OTTAWA - Journalists accused of libel have a new defence, after a ruling handed down this week by the Ontario Court of Appeal.

Under the unanimous ruling written by Justice Robert Sharpe, journalists who write a story dealing with matters of public interest can be protected against libel suits, as long as they can prove they acted responsibly in researching and writing the story.

The ruling represents a significant shift away from the traditional common law, under which journalists being sued for libel had to prove the truth of the facts they reported.

The court ruled that obliging journalists to prove facts to the high standard of truth expected in courts of law puts too much of a muzzle on freedom of expression and debate.
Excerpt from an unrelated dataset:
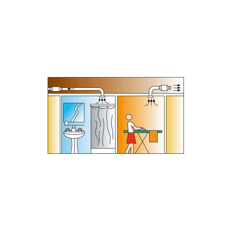 Cet ensemble est particulièrement adapté pour utilisation en salle de bain. Il permet aussi de ventiler tous types de locaux de petites et moyennes dimensions pour évacuer l'humidité et les odeurs

"Where a media defendant can show that it acted in accordance with the standards of responsible journalism in publishing a story that the public was entitled to hear, it has a defence even if it got some of the facts wrong," the court ruled.

"Debate on matters of public interest will often be heated and criticism will often carry a sting and yet open discussion is the lifeblood of our democracy."

But the lawyer for the man whose libel lawsuit led to the ruling said the new defence is bad news for private citizens trying to protect their reputations from negative media reports.

"Now they need to prove not only that it's defamatory, but that the standard of responsible journalism ... was not met. That's an additional burden of proof," said Ronald Caza.

"I think the consequences are not good for the community at large and the rights of private citizens."

The ruling comes as a result of a libel suit brought by former Ontario Provincial Police officer Danno Cusson against the Ottawa Citizen and three of its reporters Doug Quan, Don Campbell and Kelly Egan.

'Open discussion is the lifeblood of our democracy'

Mr. Cusson sued for libel after the Citizen published reports about his activities at Ground Zero after the Sept. 11, 2001, attacks on New Yourk. The paper reported Mr. Cusson misrepresented himself and his dog as a trained RCMP sniffer-dog unit when in fact he was not an RCMP officer and his dog had no formal certification in search and rescue.

In deciding the libel suit, the jury ruled much of the information contained in the newspaper was true and was not libellous.

However, the jury ruled parts of the stories libellous and ordered the paper to pay Mr. Cusson $100,000.

The newspaper argued a defence of "qualified priviledge," saying that because the stories were in the public interest, the paper had the duty to publish in the circumstances that existed following the attacks. The trial judge allowed this defence for only one of the three reporters, but the newspaper appealed, leading to the present ruling.

In its ruling, the Court of Appeal agreed that "qualified provilege" does not apply, because a newspaper does not have an absolute right to publish stories on matters of public interest, without regard to their truth or falsehood.

However, the court said that a different defence, the "public interest defence for responsible journalism" could apply.

Despite opening the door to a "responsible journalism" defence the court ruled the new defence does not reverse the libel decision in the original case brought by Mr. Cusson against the Citizen.

Since the paper did nto try to argue a defence of responsible journalism during the trial, it cannot now make that argument on appeal, the court held.

The Citizen's lawyer Richard Dearden, said that while the court's rejection of the "qualified privilege" defence was disappointing, he is elated by the creation of the new "responsible journalism" defence. "It's definitely a landmark ruling," he said. "Now the media have the leeway to be wrong on stories of public interest if those stories are published responsibly."